Going to do my third AG on the weekend. I have just made by Electric HLT which i am planning to use. It will be a 3 tier gravity system I will be using.

Previously I used to used filtered water (fill a 30L cube from Kitchen) and used my boil kettle as my HLT. So lifting the cube and pouring it was not to bad (1m off the ground)

Problem now is the HLT will be around 2+m off the ground and lifting it up there would not be fun.

I could get a pump to pump the water up to the HLT. (just a cheap little one)

or

Just fill it up with the garden hose.

The water will not be boiled in HLT it will be on a timer and the MashMaster controller preset ready to mash.

Do people use water straight from the garden hose?

Cheers,

Youngy


----------



## razz (7/7/08)

I used to Youngy, but now I use rainwater. Either way, I boil all my water.


----------



## Kleiny (7/7/08)

I use water from my rain water tank through a new hose just for brewing and it doesn't effect the taste
if i was to buy another hose i would just by a food grade caravan style hose from bunnings a bit dearer but probably worth it


----------



## mark_m (7/7/08)

I've filled with the garden hose for years with K&K, & have continued with AG.

I think as long as the connections are clean & you run the "standing" water out of the hose to eliminate surprises, shouldn't be a problem.

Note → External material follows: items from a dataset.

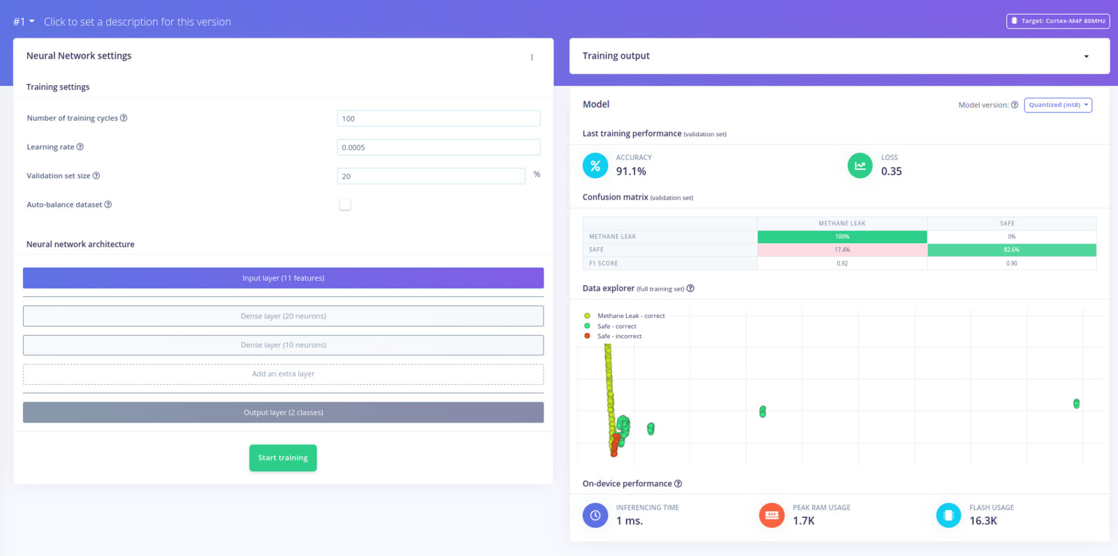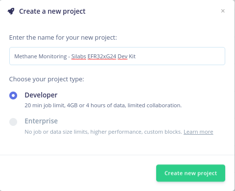 To get started, you will need to create an Edge Impulse project. Edge Impulse is a Machine Learning platform that makes it easy to develop custom algorithms for a variety of applications, including methane monitoring. To create an Edge Impulse project, simply log in or sign up for an account at https://www.edgeimpulse.com/. Once you have an account, click the “Create new project” button on the dashboard. You will be asked to give your project a name and select a category. For this project, we will be using the “Custom classification” template. Give your project a name and description, then click the “Create project” button. With your Edge Impulse project created, you are ready to begin developing your methane detection algorithm.
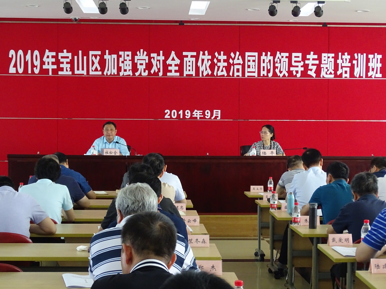 本网讯 9月17日,宝山区2019年“2+X”专题培训班——“加强党对全面依法治国的领导”专题培训班在宝山区委党校开班。宝山区委常委、政法委书记杜松全作开班动员,区委政法委副书记陆平主持,区政法各部门、各街镇(园区)的分管领导参加开班式。
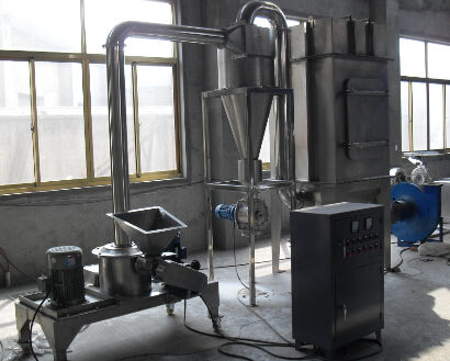 物料由料斗经螺旋输送器进入粉碎室,被高速旋转的刀片剪粉碎,物料在粉碎过程中,受到高速刀片及齿圈的作用形成细粉,设备内部带分级装置,成品通过分级轮,达不到设定细度的物料被叶轮击回粉碎室继续研磨,直到达到细度,被负压风力吸出粉碎室,设备通过负压风运的方法把物料运入旋风分离器,袋式除尘器、排出物料达到产品的要求。
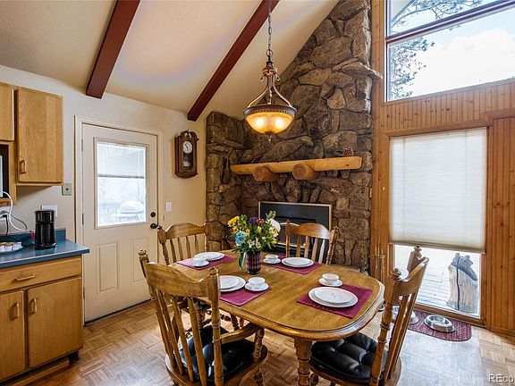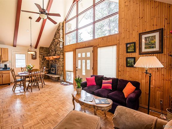 After a great day of hiking at Maxwell Falls, you are just minutes from downtown Evergreen where you can enjoy good food, music and shopping. Your story and a half home is perched at the top of Ponderosa Way in Evergreen Hills. Soak in the privacy provided by the lodge pole pine trees and relax on your wrap around deck with a hot cup of coffee. The vaulted great room flows effortlessly into the dining area and kitchen. Excuse yourself to the main floor master bedroom with a flex space perfect for a sitting area or your home office. Guest will love the second story bedroom or channel the mountains inspiring scenery in your own art niche. The finished basement includes 2 bedrooms that may be non conforming based on the size of the windows, a comfortable recreation area with stone wall and convenient 3/4 bathroom. A large 11 x 22 shed can easily be converted into a single bay garage. The flat .627 acre lot has ample room to expand the home or add a full garage.

Have recently modified my HLT / bucket'o'death so that hose fitting snaps onto the ball valve, easier & drier than running a hose above head height & much easier to control.

Good luck.

Mark


----------



## Julez (7/7/08)

youngy said:


> Hi all,
> 
> Going to do my third AG on the weekend. I have just made by Electric HLT which i am planning to use. It will be a 3 tier gravity system I will be using.
> 
> ...



I'd get a cheap aquarium pump (assuming you will be pumping cold water into HLT, then heating) and continue to filter to get rid of chlorine and other nasties. That will be an inexpensive solution, for what should theoretically result in better beer. The hose would be an easier solution, but more risk to beer quality.


----------



## youngy (7/7/08)

I might just go the pump option.

Anyone knows where to get a cheap water pump? bunnigns etc.... It will be used for filling the HTL with cold water only.

Cheers,

Youngy


----------



## ozpowell (7/7/08)

youngy said:


> Previously I used to used filtered water (fill a 30L cube from Kitchen) and used my boil kettle as my HLT. So lifting the cube and pouring it was not to bad (1m off the ground)
> 
> Problem now is the HLT will be around 2+m off the ground and lifting it up there would not be fun.



Why not make 2 or 3 trips to the kitchen with 10 or 15L?


----------



## sama (7/7/08)

thinking of grabbing one of these for a hlt to mash tun pump and just gravity draining mash tun to boiler.Might be what your looking for

http://www.rainwatertankpumps.com.au/prod1.htm


----------